Estoy en la azotea mirando hacia las escaleras y los techos de abajo. Atalayando desde la azotea. El edificio es un laberinto, cortado en planos cubistas, desconchados, viejos, expuestos. El entorno y los hombres se parecen como dos gotas de agua sucia.
Estoy en la primera planta, asomándome a la ventana a ver si alcanzo a tragarme un pedazo de cielo, a ver si consigo verme ( imaginarme) cómo fui arriba, minutos antes, con la cara pegada a la ventana, cortada en aristas cubistas.
Subo las escaleras. Las bajo. Las subo otra vez. Observo desde mi flanco, protegida por las murallas precarias. Veo la vida ajena desde adentro, las cortinas que se suben, se abren, se cierran, la ropa que se seca a tender, que se seca en el cuartico pequeño porque no hay espacio afuera, oigo el jadeo de las cañerías como un corazón angustiado. Todo zumba, bulle, fermenta, dentro de las paredes. Olor humano: olor a col, a carne podrida, descompuesta. Oigo unos gritos y un llanto bajito y una cuchara que se lleva a la boca como un medicamento.
Un gato, panza arriba, duerme sobre el techo de zinc. Y una vieja, que no tiene ni perro que le ladre, le arroja un cubo de agua caliente para que se desolle, para que no duerma en esa ofensiva paz redonda, aquí, donde todos llevamos tajos y cicatrices.
Salgo al pasillo. Hace sol. El tejado de zinc está parchado con unas vigas de madera por donde a veces corren los niños.

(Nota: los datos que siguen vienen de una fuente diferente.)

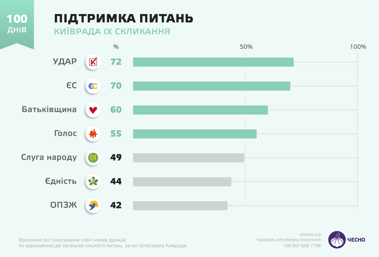 За даними громадського руху, представники партії ЄС підтримують близько 70% питань, УДАРу — 72%.
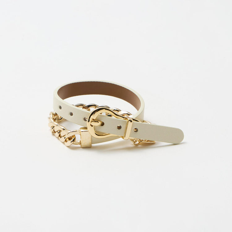 ベルトディテールを加えたレザーに、メタルチェーンの輝きが映える新鮮な一品。
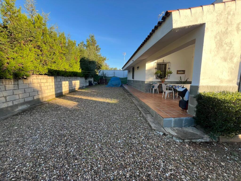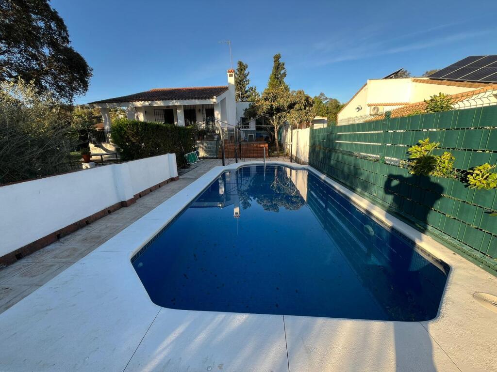 Precioso chalet en Las Pajanosas, dentro de La Dehesa de La Finca de Toros Bravos de Concha Soto, a tan sólo 25Km de Sevilla.Una oportunidad que no puede dejar escapar.....paz, tranquilidad, magníficas vistas......Situada en una parcela de 959m2 se encuentra esta maravillosa vivienda de estilo rústico, de una sóla planta, cómoda y acogedora.La vivienda dispone de un gran jardín con piscina, terraza y zona de descanso con magníficas vistas sobre la Dehesa.Un gran porche nos abre paso a esta fantástica casa. Al entrar tenemos un gran salón con chimenea, cómodo y confortable.La cocina está abierta al salón y se encuentra amueblada con muebles de mampostería, cómoda y práctica.La propiedad cuenta con dos amplios dormitorios exteriores con armarios empotrados y dos baños con placas de ducha.En el jardín hay un cuarto para herramientas, depuradora, zona de barbacoa y amplia zona para aparcar varios vehículos con puerta automática.Las ventanas son de aluminio color verde carruaje con rejas, las puertas de madera y el suelo de barro. Cuenta con dos splits de aire acondicionado en salón.Exterior y muy luminosa, lista para habitar, y muy bien situada, a unos 300m del pueblo. No deje pasar esta oportunidad!!!Informamos a nuestros clientes compradores que el precio de venta no incluye lo siguiente: Honorarios de la agencia inmobiliaria, Impuestos (I.T.P., I.V.A. o A.J.D., en su caso) ni otros gastos de la compraventa (gastos de Registro de la Propiedad, Notaría, Gestoría ni de posible Financiación). Documento F.I.S. a disposición del consumidor según Decreto 218/2005 Junta de Andalucía.
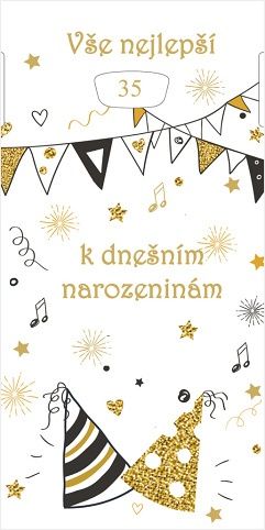 Blahopřání k výročí s otočným číselníkem 10 - 109. Je zdobeno zlatou ražbou a je dodáváno v sáčku s obálkou. Rozměr přání: 100 x 200 mm. Vnitřní text: "Hodně štěstí, zdraví a spokojenosti přeje"
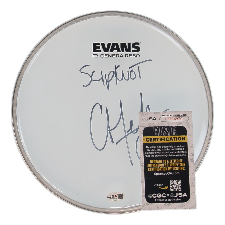 Drumhead measures approximately 8" in diameter and has been hand-signed by Chris Fehn.

Miro los edificios desde afuera: una cortina verde muestra un pedazo de hombre, en otro departamento hay un letrero con un anuncio de laboratorios y exámenes médicos. (¿Esta enfermedad no es mortal?) Algunas plantas, ropas de niños, ropa de hombres, ropas de muertos, puestas a secar como peces en salmuera.
Todavía estoy en la azotea pero más tarde estaré en el avión y miraré todo esto desde arriba y veré la insignificancia de estas vidas y esfuerzos y lloraré por mi madre y por mí misma y por todos los que no son arrancados de la tierra.
Ya estoy en el avión y veo cómo los edificios se convierten en frágiles estructuras, en ataúdes, en celdillas; las casas, los autos, son partículas ridículas; vistas desde arriba, las vacas son menos que insectos, los insectos, como los hombres, desaparecen y toda vida humana termina en un punto muerto.
Estoy en el avión y nadie sabe que soy un terrorista, que llevo una bomba en el pecho, que la detonaré en unos minutos. El que pagó el pasaje a crédito, el que lo pagó al contado, al que se lo mandó su familia partiéndose el lomo part time, full time, el que viaja en primera clase, el que va en la última de turista, no saben que el avión también es una realidad transitoria, momentánea, y que en unos minutos, estaremos cayendo a pedazos sobre el Empire Estate.
Ya soy la vieja. Nunca tomaré un avión.
En el rectángulo de la escalera, recostada a la ventana, con la cara cortada a cuchilla, arrojo el cubo de agua hirviendo al gato que duerme sobre el tejado, para que se desolle.
Damaris Calderón Campos nació en La Habana, en 1967. Entre sus libros de poesía publicados: Las pulsaciones de la derrota (Ediciones LOM, Santiago de Chile, 2013), La soñante (Efory Atocha Ediciones, Madrid, 2014) y Entresijo (Bokeh, Leiden, 2017), al cual pertenece este poema.